En 2016 cette méthode fut un succès chez la souris, une proportion des souris ayant survécu et même été fécondes : un individu avait donc été produit à partir d’ovules de deux mères. En 2018, la même équipe publia le même type de résultats obtenus à partir d’ovules de deux mères ou de spermatozoïdes de deux pères. Cependant, alors que les individus issus de deux mères étaient viables et même féconds, ceux qui étaient issus de deux pères mouraient peu après la naissance. C’est cette même équipe qui publie de nouveau en 2025 présentant leurs résultats obtenus à partir des gamètes de deux pères dont ils ont modifié l’activité de 20 gènes concernés par l’empreinte génomique. Cette fois-ci les individus ne décèdent plus à la naissance, avec cependant une survie courte.
Implications Éthiques et Sociales
La Human Fertilisation and Embryology Authority (HFEA) a récemment préconisé de réglementer plus explicitement la gamétogenèse in vitro. Ces méthodes mises au point pour d’autres espèces seront utilisables dans la nôtre. Cela peut aboutir à la découverte de traitements pour des maladies génétiques. Cependant on est effrayé de lire que ces travaux tentent de produire des enfants à partir du matériel génétique de deux hommes.
L’enfant pourra être désiré par celui ou ceux qui en demandent la production à partir de leur capital génétique.
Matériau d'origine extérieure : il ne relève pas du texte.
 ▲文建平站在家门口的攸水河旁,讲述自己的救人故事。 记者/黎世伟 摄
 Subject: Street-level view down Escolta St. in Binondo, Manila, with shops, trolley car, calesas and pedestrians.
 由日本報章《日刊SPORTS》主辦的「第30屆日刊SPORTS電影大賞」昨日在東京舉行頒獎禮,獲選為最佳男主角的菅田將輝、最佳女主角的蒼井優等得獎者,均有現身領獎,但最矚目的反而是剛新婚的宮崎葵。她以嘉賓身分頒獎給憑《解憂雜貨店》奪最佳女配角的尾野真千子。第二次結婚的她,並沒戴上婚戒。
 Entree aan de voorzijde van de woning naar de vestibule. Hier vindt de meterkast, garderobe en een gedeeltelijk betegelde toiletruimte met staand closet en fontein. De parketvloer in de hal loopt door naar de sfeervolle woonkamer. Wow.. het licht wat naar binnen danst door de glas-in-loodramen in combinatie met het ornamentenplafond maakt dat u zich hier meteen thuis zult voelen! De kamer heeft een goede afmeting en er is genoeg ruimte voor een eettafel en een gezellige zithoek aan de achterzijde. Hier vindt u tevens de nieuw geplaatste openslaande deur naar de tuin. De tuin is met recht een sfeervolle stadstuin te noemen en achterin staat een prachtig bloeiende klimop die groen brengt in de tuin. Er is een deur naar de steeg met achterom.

C’est en effet faire de l’enfant l’objet d’un désir. Or, dans toute la nature, dans les autres espèces comme dans la nôtre, la progéniture n’est pas à produire, elle est à accueillir. Les parents la prennent en charge telle qu’elle est. Ils n’en choisissent pas les caractéristiques.
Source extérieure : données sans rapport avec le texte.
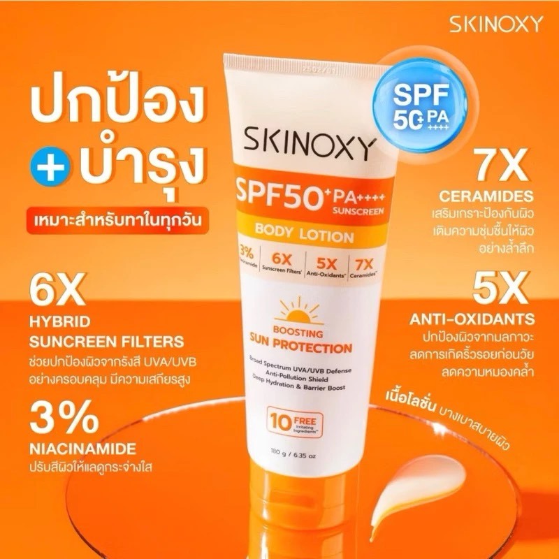 โลชั่นกันแดดทาตัว สกินอ๊อกซี่ Skinoxy Pro Sun Protection Body Lotion SPF50+PA++++ ( ซอง )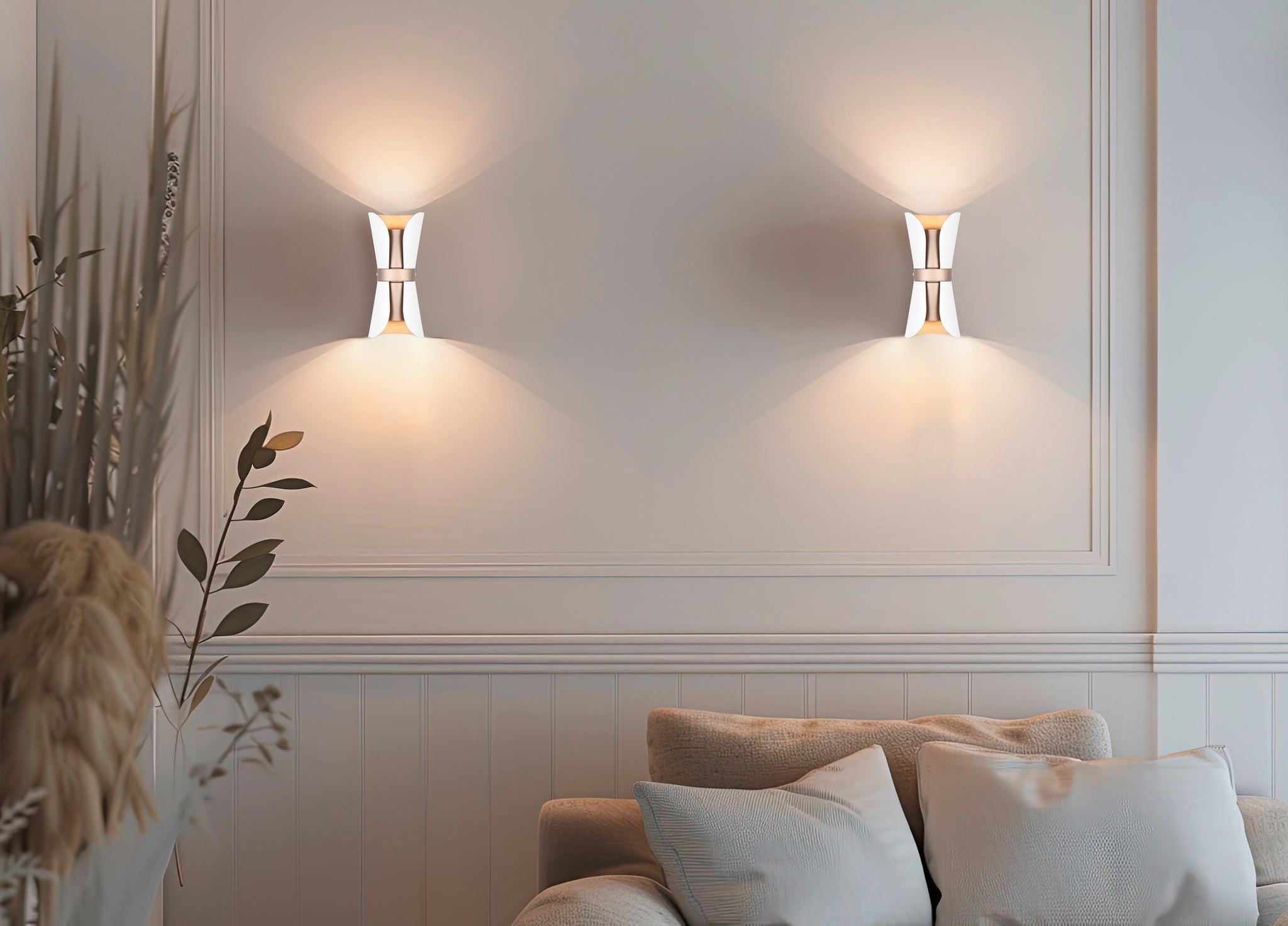 This wall light impresses not only with its practical functionality, but also with its attractive design. Its modern appearance makes it a real eye-catcher in any room. Whether in the living room, bedroom or hallway - the light blends seamlessly into any environment and creates a special atmosphere with its up-and-down lighting. The combination of matt white and coffee gives your interior a harmonious look, while the high-quality metal ensures durability and timeless elegance. The use of LED light sources is recommended for energy-saving lighting. These are an ideal alternative to conventional halogen light sources and offer high light quality and energy savings of up to 80%. With LED light sources, you also benefit from a long service life and low heat generation while protecting the environment.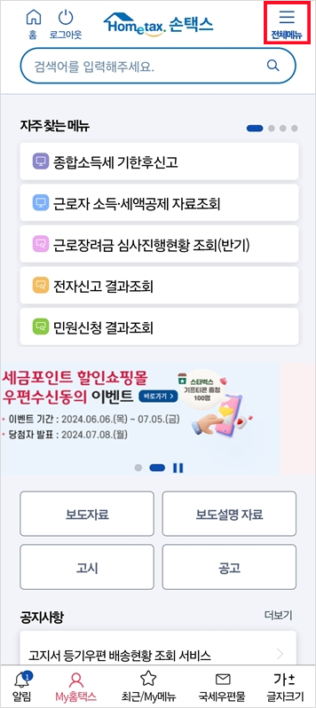 모바일 앱 외에도 국세청 홈택스 홈페이지에서도 확인이 가능합니다.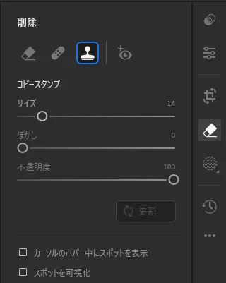 削除ツールのアイコン(右下に▲があるやつ)をタップすると、削除、修復、コピースタンプが選べるようになっています。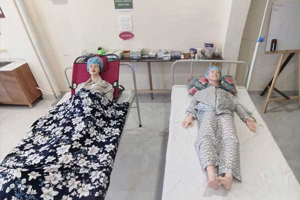 The College has a Nursing Foundation Lab with essential equipment for learning basic nursing procedures.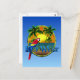 Das West-Strandbild mit Palmen, einem runden Bambusrahmen und einem farbenfrohen Papagei.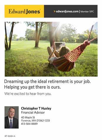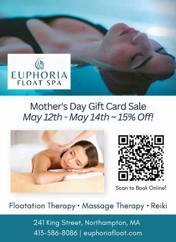 413.585.1169 | www.inspiritcrystals.com 219 Main St Northampton, MA 01060 Discover the wisdom of many traditions, stones and gifts with meaning. A metaphysical gift shop offering beautiful items from a wide array of spiritual backgrounds. NOW OPEN 7 DAYS A WEEK! 18 Mechanic Street, Easthampton Mon-Fri 8-6 | Sat 8-4 413-527-0778 | www.easthamptonfeed.com YOUR LOCALLY GROWN AND LOCALLY KNOWN FARM AND PET FOOD STORE COTTAGEST. PAYSONAVE. UNIONST. LIBERTY ST. MECHANICST. RAILTRAIL “To plant a garden is to believe in tomorrow.” – Audrey Hepburn Come on in to get 15% off plants & pots with this ad! the long game Playing Pickleball this summer? Avoid injury, improve your game, and have more fun! Injury Prevention & Conditioning Classes for Pickleball Join us for live, online, 30-min classes! For times, info, and to register, scan here: thelonggame.coach/pickleball The more love you invest in yourself, the greater the reward for you and everyone in your life. Accepting New Clients! Mindy Dow www.NatureMindCoaching.com (413) 464-1362 | Florence, MA Virtual | In-Person One-on-one | Small Group Coaching 30

La situation actuelle de la recherche incite à appeler à rediscuter le postulat qui est posé par nos sociétés en matière de transmission de la vie : l’absence supposée de conséquence néfaste de la conception d’un enfant en dehors du cadre de l’union intime. Une règlementation est nécessaire. Mais pour que les personnes en charge de la rédaction des règlements fassent les bons choix, une réflexion beaucoup plus radicale doit aussi avoir lieu dans les écoles, les universités et les médias. C’est ensuite seulement qu’un débat parlementaire pourrait aborder la question de façon juste.